Towards the ideal mass spectrometer

Today, mainstream proteomics instruments combine a quadrupole for mass selection, often an ion trapping device of some form, a device for fragmenting the analyte and a readout section to produce the actual mass spectra. Mass spectrometers have improved by orders of magnitude in terms of mass resolution, sensitivity and sequencing speed. Interestingly, with the notable exception of the Orbitrap analyzer[13], this was achieved through the refinement of individual components such as the ion trap, quadrupole and the time of flight analyzers, which were all introduced more than 60 years ago. Much progress was driven by the demand to utilize the increasing ion currents produced by modern ES sources, which can now generate ions in the order of a billion per second. This flux presents a fundamental challenge for any trapping instrument because they all have a limited ion capacity and readout time. So far, there is no optimal solution to the ion storage problem, but doing without storage would waste all the ion species not selected for analysis at a given time. Arguably, the reasons for the demise of the 3D ion trap in proteomics were not only its poor mass resolution and mass accuracy but also its very limited charge capacity. More recent developments, such as the C-trap that stores ions for injection into the Orbitrap, also cannot handle more than about a million ions, fundamentally limiting the dynamic range of single mass spectra and the proportion of all ions sampled from the source. This problem is partially addressed by the BoxCar method, which effectively normalizes the ion load over the mass range, or by data independent acquisition (DIA), which only stores the fragments of a small mass range of the incoming ion species[14,15]. However, given the vast dynamic range of protein concentrations in body fluids such as plasma, it is not clear whether this will be sufficient. A more general solution could again come from confining ions in the intermediate pressure range. Storage of up to a billion ions is possible in such devices, although the interface to MS analysis has not been convincingly solved yet[16]. However, as storage of all the ions is physically possible, this may happen in the foreseeable future.

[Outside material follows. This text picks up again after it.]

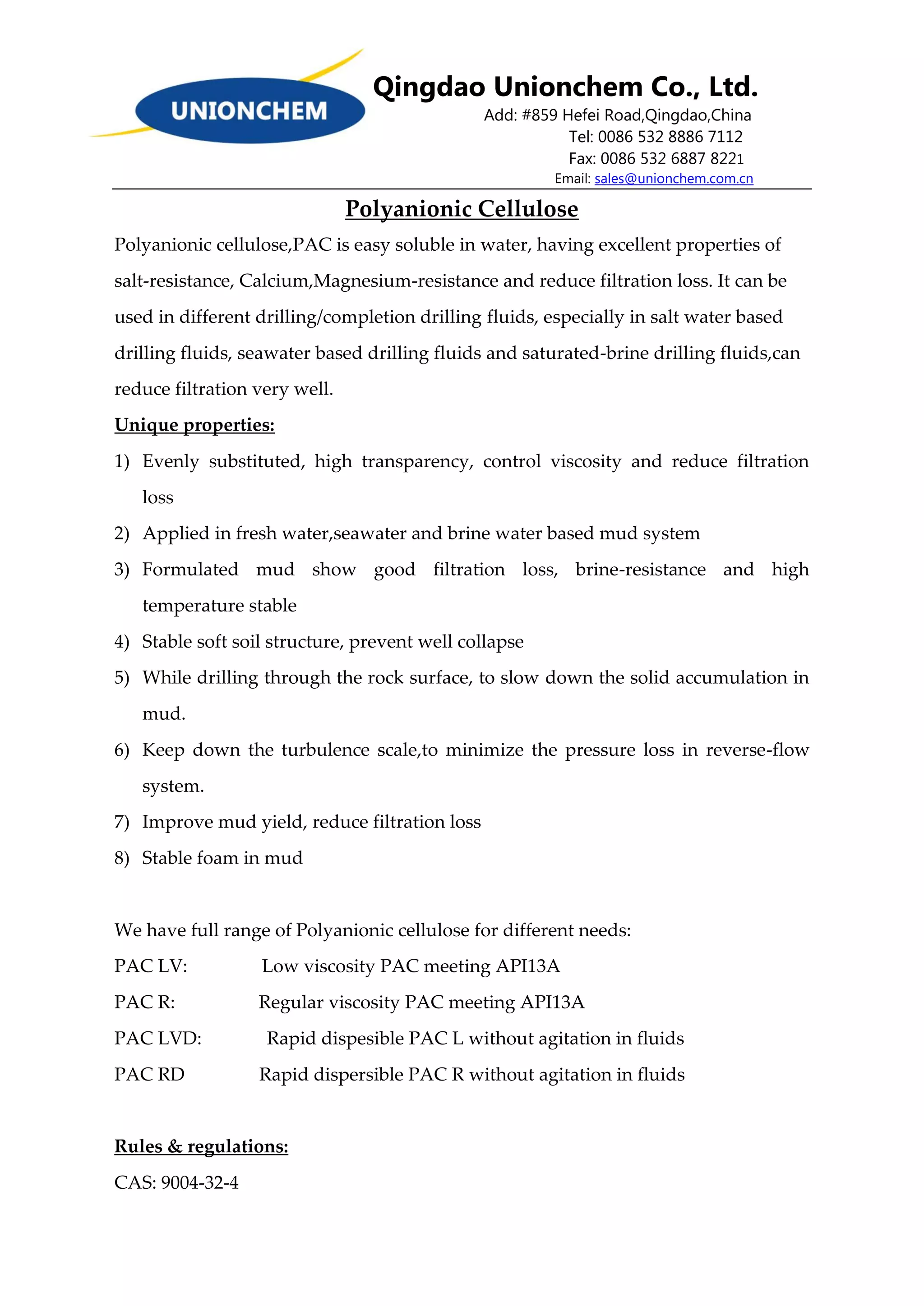 This document provides information about Polyanionic Cellulose from Qingdao Unionchem Co., Ltd. Polyanionic cellulose, or PAC, is water soluble and has excellent salt and calcium/magnesium resistance properties. It can be used in various drilling fluids, especially salt water and seawater based fluids, to reduce filtration loss. The company offers a full range of PAC products for different applications.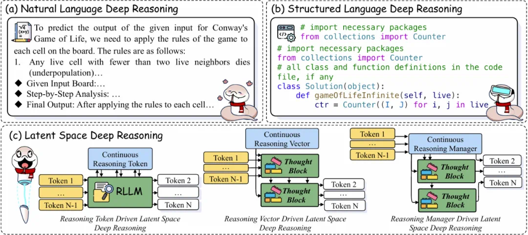 图 4:深度推理格式主要分为三类:自然语言、结构化语言与潜在空间推理(进一步细分为基于 token、向量和管理器驱动的潜在推理)

In summary, ESMS has come a very long way since the demonstration that it can ionize large molecules 30 years ago. The pace of innovation has not diminished, and arguably we are even getting close to theoretically ideal instrumental performance in several analytical dimensions. There are huge opportunities for mass spectrometry in clinical applications, such as plasma proteome profiling for precision medicine or cancer tissue proteomics[17]. Thus, there is hope that all of the investments in ESMS technology and adjacent areas will be handsomely rewarded not only in the fields it was originally developed for but also in terms of improving public health—a topic none of us had even imagined thirty years ago.